Change https://go.dev/cl/520266 mentions this issue: syscall: add PidFD support to SysProcAttr

Add PidFD support, so that if the PidFD pointer in SysProcAttr is not nil, ForkExec (and thus all its users) obtains a pidfd from the kernel during clone(), and writes the result (or -1, if the functionality is not supported by the kernel) into *PidFD. The functionality to get pidfd is implemented for both clone3 and clone. For the latter, an extra argument to rawVforkSyscall is needed, thus the change in asm files. Add a trivial test case checking the obtained pidfd can be used to send a signal to a process, using pidfd_send_signal. To test clone3 code path, add a flag available to tests only. Updates #51246. Change-Id: I2212b69e1a657163c31b4a6245b076bc495777a3 Reviewed-on: https://go-review.googlesource.com/c/go/+/520266 Auto-Submit: Ian Lance Taylor <iant@google.com> LUCI-TryBot-Result: Go LUCI <golang-scoped@luci-project-accounts.iam.gserviceaccount.com> Reviewed-by: Cherry Mui <cherryyz@google.com> Reviewed-by: Ian Lance Taylor <iant@google.com> TryBot-Result: Gopher Robot <gobot@golang.org> Run-TryBot: Kirill Kolyshkin <kolyshkin@gmail.com>

gopherbot · 2023-09-14T16:57:37Z

Change https://go.dev/cl/528436 mentions this issue: internal/syscall/unix: add PidFDSendSignal for linux

gopherbot · 2023-09-14T21:58:12Z

Change https://go.dev/cl/528439 mentions this issue: os: use PidfdSendSignal on linux if possible

gopherbot · 2023-09-16T02:57:32Z

Change https://go.dev/cl/528798 mentions this issue: os: make use of pidfd on linux

kolyshkin · 2023-09-19T18:14:02Z

Support for the cgroup FD seems fine and uncontroversial to me.

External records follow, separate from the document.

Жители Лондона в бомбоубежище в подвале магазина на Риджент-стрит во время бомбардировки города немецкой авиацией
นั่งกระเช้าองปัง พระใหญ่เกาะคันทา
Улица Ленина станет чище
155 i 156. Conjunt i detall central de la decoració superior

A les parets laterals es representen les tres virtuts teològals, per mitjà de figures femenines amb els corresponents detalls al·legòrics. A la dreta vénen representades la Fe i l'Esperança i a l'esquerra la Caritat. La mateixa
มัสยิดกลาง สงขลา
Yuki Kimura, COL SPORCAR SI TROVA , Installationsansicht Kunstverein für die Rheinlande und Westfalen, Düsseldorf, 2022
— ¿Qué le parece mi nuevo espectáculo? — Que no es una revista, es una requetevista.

The pid FD case is a bit more interesting. I certainly think it should be possible to get a pid FD. In fact, I think we should use a pid FD whenever possible. I wonder if instead of providing only a low-level SysProcAttr field, we should automatically make os.StartProcess return an os.Process backed by a pid FD rather than the raw pid (Wait, Kill, etc perform pid FD operations). A new os.Process.Fd() could return the pid FD for additional direct use. os.Process closes the pid FD in os.Process.Release (which is also called with a finalizer).

Down a level, syscall.StartProcess could return the pid FD in the handle return slot, which is currently unused on Linux. Some extra argument or SysProcAttr field would be needed to request this, as callers other than os.StartProcess wouldn't know to close the FD by default. (syscall.ForkExec doesn't have this return value and would need a new variant or SysProcAttr field).

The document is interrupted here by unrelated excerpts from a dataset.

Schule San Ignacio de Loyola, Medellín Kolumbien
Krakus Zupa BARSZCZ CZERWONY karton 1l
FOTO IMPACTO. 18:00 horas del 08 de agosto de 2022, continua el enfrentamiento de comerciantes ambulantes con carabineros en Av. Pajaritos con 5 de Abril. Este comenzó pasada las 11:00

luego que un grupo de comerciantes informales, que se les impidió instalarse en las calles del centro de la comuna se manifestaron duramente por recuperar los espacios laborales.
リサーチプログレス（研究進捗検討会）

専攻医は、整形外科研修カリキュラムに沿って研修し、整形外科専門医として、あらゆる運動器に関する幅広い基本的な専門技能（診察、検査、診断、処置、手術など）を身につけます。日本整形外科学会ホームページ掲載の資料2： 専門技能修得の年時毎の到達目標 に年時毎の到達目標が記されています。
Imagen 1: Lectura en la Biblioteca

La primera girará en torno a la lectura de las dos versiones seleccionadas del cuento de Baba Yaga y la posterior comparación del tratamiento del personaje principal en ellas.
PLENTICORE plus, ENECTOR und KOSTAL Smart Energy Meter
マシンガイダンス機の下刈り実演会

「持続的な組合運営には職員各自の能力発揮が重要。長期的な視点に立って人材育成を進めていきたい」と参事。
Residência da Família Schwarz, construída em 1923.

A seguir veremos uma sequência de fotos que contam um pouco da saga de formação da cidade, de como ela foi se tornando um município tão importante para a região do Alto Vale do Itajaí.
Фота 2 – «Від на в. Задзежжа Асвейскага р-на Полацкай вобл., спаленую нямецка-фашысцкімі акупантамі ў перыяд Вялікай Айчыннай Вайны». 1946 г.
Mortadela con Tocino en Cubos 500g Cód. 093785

One possibility to merge the limitations above would be to add PidFD *int to SysProcAttr, but also make os.StartProcess automatically set this field if not set by callers.

@prattmic Opened https://go.dev/issue/62654 based on this, and wrote a partial implementation in https://go-review.googlesource.com/c/go/+/528438 and https://go-review.googlesource.com/c/go/+/528798/2?usp=related-change

gopherbot · 2023-11-16T09:00:20Z

Change https://go.dev/cl/542698 mentions this issue: syscall: fix getting pidfd when using CLONE_NEWUSER

While working on CL 528798, I found out that sys.PidFD field (added in CL 520266) is not filled in when CLONE_NEWUSER is used. This happens because the code assumed that the parent and the child run in the same memory space. This assumption is right only when CLONE_VM is used for clone syscall, and the code only sets CLONE_VM when CLONE_NEWUSER is not used. Fix this, and add a test case (which fails before the fix). Updates #51246. Change-Id: I805203c1369cadd63d769568b132a9ffd92cc184 Reviewed-on: https://go-review.googlesource.com/c/go/+/542698 LUCI-TryBot-Result: Go LUCI <golang-scoped@luci-project-accounts.iam.gserviceaccount.com> Reviewed-by: Michael Pratt <mpratt@google.com> Reviewed-by: Michael Knyszek <mknyszek@google.com> Auto-Submit: Michael Pratt <mpratt@google.com>

gopherbot · 2023-11-21T20:41:52Z

Change https://go.dev/cl/544318 mentions this issue: syscall: check SyscallIsNotSupported in TestPidFDWithUserNS

For #51246. Change-Id: Ief2e2e14f039123a6580cb60be7ee74f4a20a649 Reviewed-on: https://go-review.googlesource.com/c/go/+/544318 TryBot-Result: Gopher Robot <gobot@golang.org> Auto-Submit: Michael Pratt <mpratt@google.com> Reviewed-by: Bryan Mills <bcmills@google.com> Run-TryBot: Michael Pratt <mpratt@google.com> LUCI-TryBot-Result: Go LUCI <golang-scoped@luci-project-accounts.iam.gserviceaccount.com>

CL 520266 added pidfd_send_signal linux syscall numbers to the syscall package for the sake of a unit test. As pidfd_send_signal will be used from the os package, let's revert the changes to syscall package, add the pidfd_send_signal syscall numbers and the implementation to internal/syscall/unix, and change the above test to use it. Updates #51246. For #62654. Change-Id: I862174c3c1a64baf1080792bdb3a1c1d1b417bb4 Reviewed-on: https://go-review.googlesource.com/c/go/+/528436 Run-TryBot: Kirill Kolyshkin <kolyshkin@gmail.com> Reviewed-by: Cherry Mui <cherryyz@google.com> Reviewed-by: Michael Knyszek <mknyszek@google.com> LUCI-TryBot-Result: Go LUCI <golang-scoped@luci-project-accounts.iam.gserviceaccount.com> TryBot-Result: Gopher Robot <gobot@golang.org> Reviewed-by: Michael Pratt <mpratt@google.com>

gopherbot · 2024-03-11T21:34:48Z

Change https://go.dev/cl/570681 mentions this issue: os: make FindProcess use pidfd on Linux

kolyshkin · 2024-03-11T21:47:04Z

I think this could be closed now since the proposal is fully implemented as of Go 1.22. The continuation of pidfd use from golang runtime discussion happens in #62654.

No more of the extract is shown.